» **What needs to be done**: From top to bottom, write out the listing exactly and skip every picture.

» **Supplied information**:
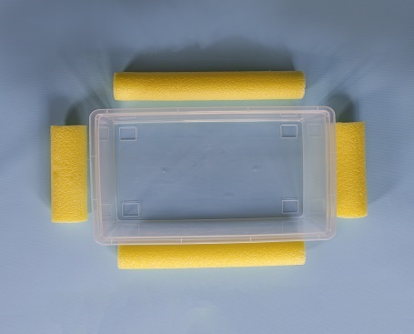 Measure, mark and cut the pool noodle into two pieces of 220mm and two pieces of 350mm.
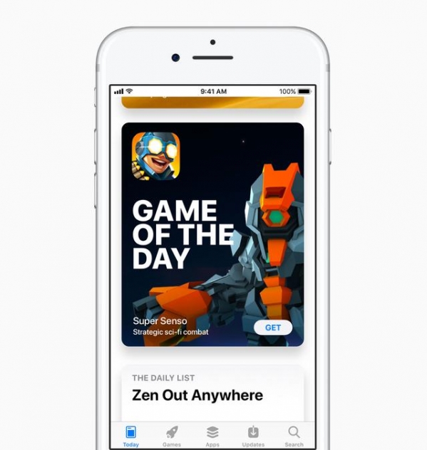 App Store的整體設計迎來一次大幅改動。五個頁面中的前三個,從原先的“精品推薦”、“類別”和“排行榜”,改為“今天(Today)”、“游戲”和“應用”。
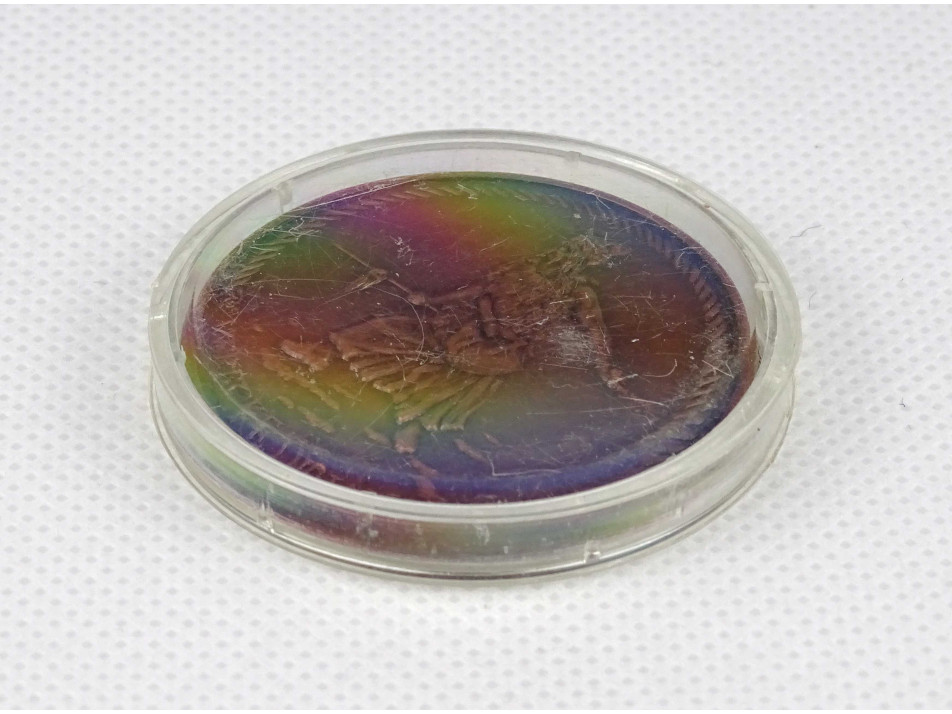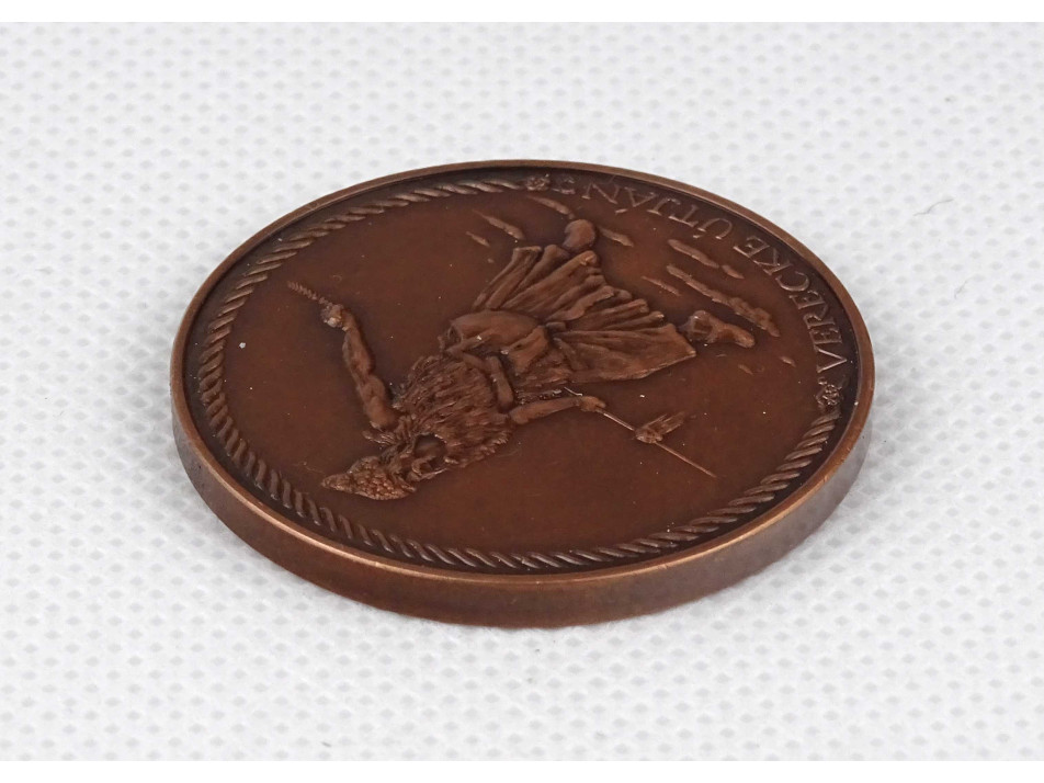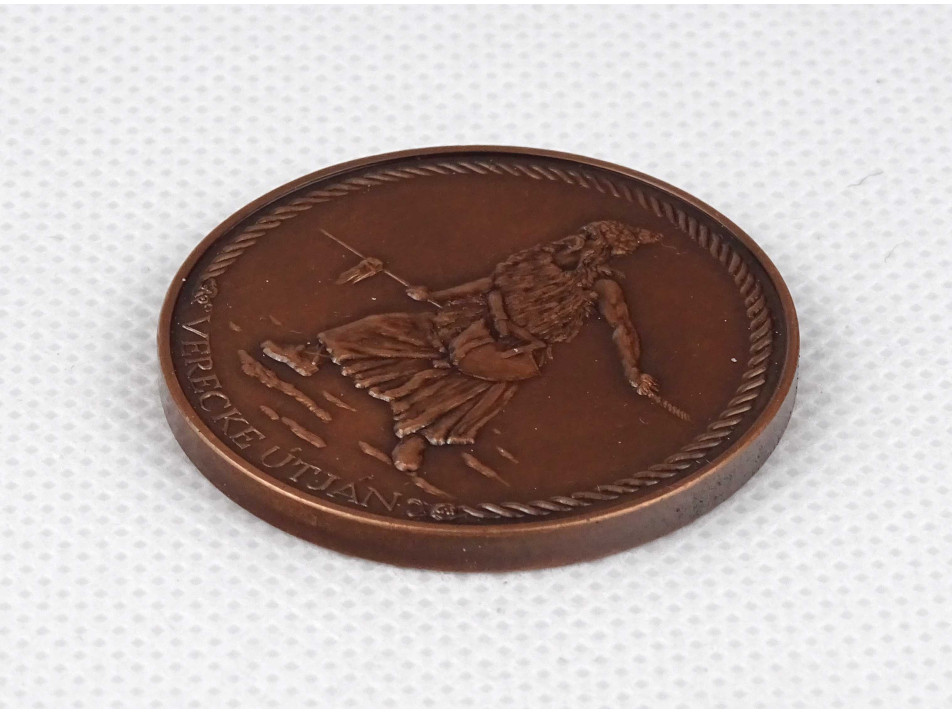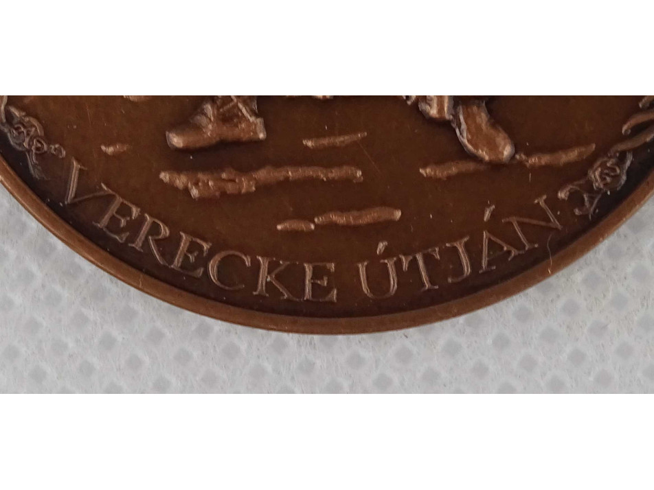 Műanyag tokjában található, egyoldalas, kis méretű bronzplakett. Rajta egy a Feszty körképről ismert alak, alatta felirat: VERECKE ÚTJÁN

» **Completed exercise**:
 Measure, mark and cut the pool noodle into two pieces of 220mm and two pieces of 350mm.
 App Store的整體設計迎來一次大幅改動。五個頁面中的前三個,從原先的“精品推薦”、“類別”和“排行榜”,改為“今天(Today)”、“游戲”和“應用”。
 Műanyag tokjában található, egyoldalas, kis méretű bronzplakett. Rajta egy a Feszty körképről ismert alak, alatta felirat: VERECKE ÚTJÁN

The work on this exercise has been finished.